Examples

This page shows pipeline patterns in order of increasing complexity. Each example has a flow diagram, a short goal, and runnable code.

Contents

  1. Basics — sequential, parallel, Julia + shell, data passing and pipe
  2. Control flow — retry, fallback, branching
  3. Complex DAGs — multi-stage parallel, robust pipeline
  4. Bioinformatics — immune repertoire (single & multi-donor), variant calling

1. Basics

1.1 Basic Pipeline

Flow: Three steps in sequence.

  download  ──►  process  ──►  upload

Goal: Create a file, process it, then copy the result (runnable without network).

using SimplePipelines

download = @step download = sh"(echo line3; echo line1; echo line2) > data.txt"
process = @step process = sh"sort data.txt > sorted.txt"
upload = @step upload = sh"cp sorted.txt uploaded.txt"

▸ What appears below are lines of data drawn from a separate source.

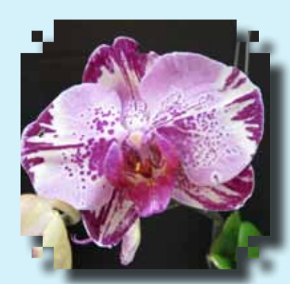
RED RIBBON Phalinopsis no ID Tracy Moulton
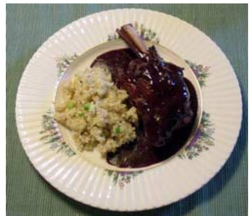
Lamb Shanks Braised in Pinot Noir with Wild Huckleberry Sauce

Many recipes using Pinot Noir are available at Patty's Pinot Closet Website .
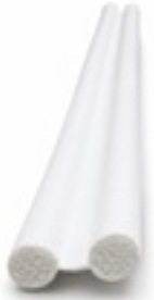
Blind-Seam Profile (Backtacking) Roll Size: Per Metre
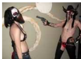
Winter Horrorland Fashion Show In Photos
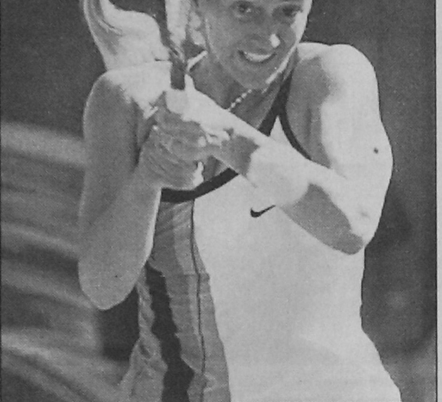
Mary Pierce of France playing against Elena Likhovtseva of Russia in the fourth round of the Masters Series on March 13.
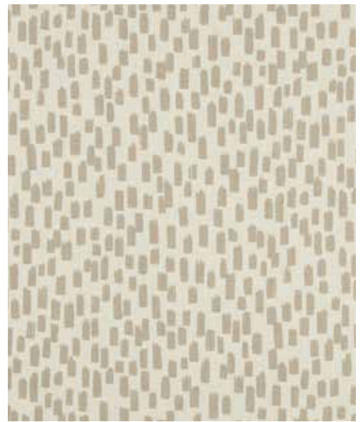
Inkstrokes - Sand
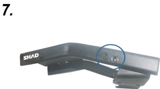
Install part No.9 in to each holes and install part No.6
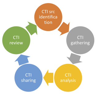
Figure 1: The CTI life-cycle.

Threat Intelligence Reports. These include documents that describe TTPs, types of systems, adversaries and target information, as well as any other
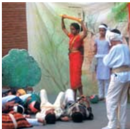
'Onake Obbavva' is the story about a heroic housewife who prevents Hyder Ali's army from entering the fort.
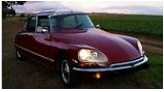
1971 DS 21

With two flats, this front-wheel drive car can be safely driven on three wheels. The only addition in 20 years was self-leveling, tuning lights, pivoting with the steering up to 90 digress in anticipation of a turn.
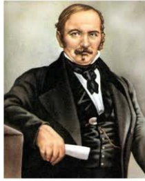
St. Allan Kardec
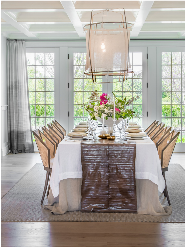
Y138-02 CAMBRIA OMBRE Amagansett | Interior by Kara Mann

Three-part textured horizontal ombré, hand-dyed on "lawless" dupione silk. NOTE: The inherent variation and irregularities of hand-dyeing on "lawless" dupione silk give this design its ever-changing character.
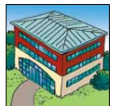
At your office . . .

PROS: Live digital feed and 24/7 Internet access for the next six months; accessible in the office, at home or anywhere worldwide with Internet access; avoid travel expense and hassle; no time away from the office.
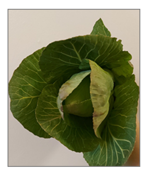
Early Jersey Wakefield Cabbage fruit

This plant is typically grown in a designated vegetable garden. It should only be grown in full sunlight. It does best in average to evenly moist conditions, but will not tolerate standing water. This plant is a heavy feeder that requires frequent fertilizing throughout the growing season to perform at its best. It is not particular as to soil pH, but grows best in rich soils. It is somewhat tolerant of urban pollution. Consider applying a thick mulch around the root zone over the growing season to conserve soil moisture. This is a selected variety of a species not originally from North America.
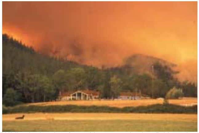
Wildland-urban interface—Llamas grazing in a field watch as a wildfire comes close to home on the Deer Creek Ranch outside of Selma, OR.

probability that a prescribed fire will have excessively severe impacts or undesired results.
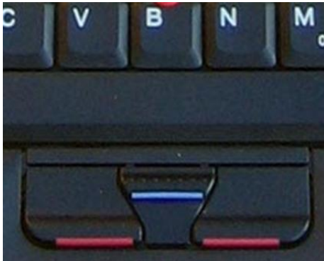
Figure 3: Lenovo ThinkPad has a magnifying key between the left and right click keys

Lenovo ThinkPad computers have a third key between the left and right mouse click keys (Fig. 3). It has options for setting the size of the area to be enlarged, as well as the amount of magnification desired.
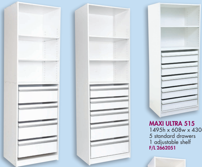
MAXI ULTRA 515 1495h x 608w x 430d 5 standard drawers 1 adjustable shelf F/L 2662051

These Multistore wardrobe storage units are available in your local Bunnings store.
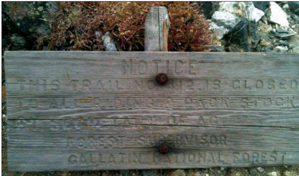
This sign was on the ground at the divide where the trail dropped over in to the Spanish Lakes. Larry said it was from the days when outfitters had overgrazed the area around the lakes while taking dudes and hunters in to fish and hunt. It prohibits all stock, There was also a sign that said the trail was not recommended for livestock.

pipeline = download >> process >> upload
run(pipeline)

1.2 Parallel Processing

Flow: Three steps run in parallel, then one step merges.

       ┌── file_a ──┐
       ├── file_b ──┼──►  archive
       └── file_c ──┘

Goal: Create three files, compress them concurrently, then archive (runnable as-is).

using SimplePipelines

file_a = @step a = sh"echo content_a > file_a.txt && gzip -k file_a.txt"
file_b = @step b = sh"echo content_b > file_b.txt && gzip -k file_b.txt"
file_c = @step c = sh"echo content_c > file_c.txt && gzip -k file_c.txt"
archive = @step archive = sh"tar -cvf archive.tar file_a.txt.gz file_b.txt.gz file_c.txt.gz"

pipeline = (file_a & file_b & file_c) >> archive
run(pipeline)

1.3 Julia + Shell

Flow: Julia step → shell step → Julia step.

  generate  ──►  process  ──►  report
   (Julia)       (shell)      (Julia)

Goal: Generate data in Julia, run a shell tool, then summarize in Julia.

using SimplePipelines
using DelimitedFiles

generate = @step generate = () -> begin
    data = rand(100, 10)
    writedlm("matrix.csv", data, ',')
    return "Generated $(size(data)) matrix"
end

process = @step process = sh"wc -l matrix.csv"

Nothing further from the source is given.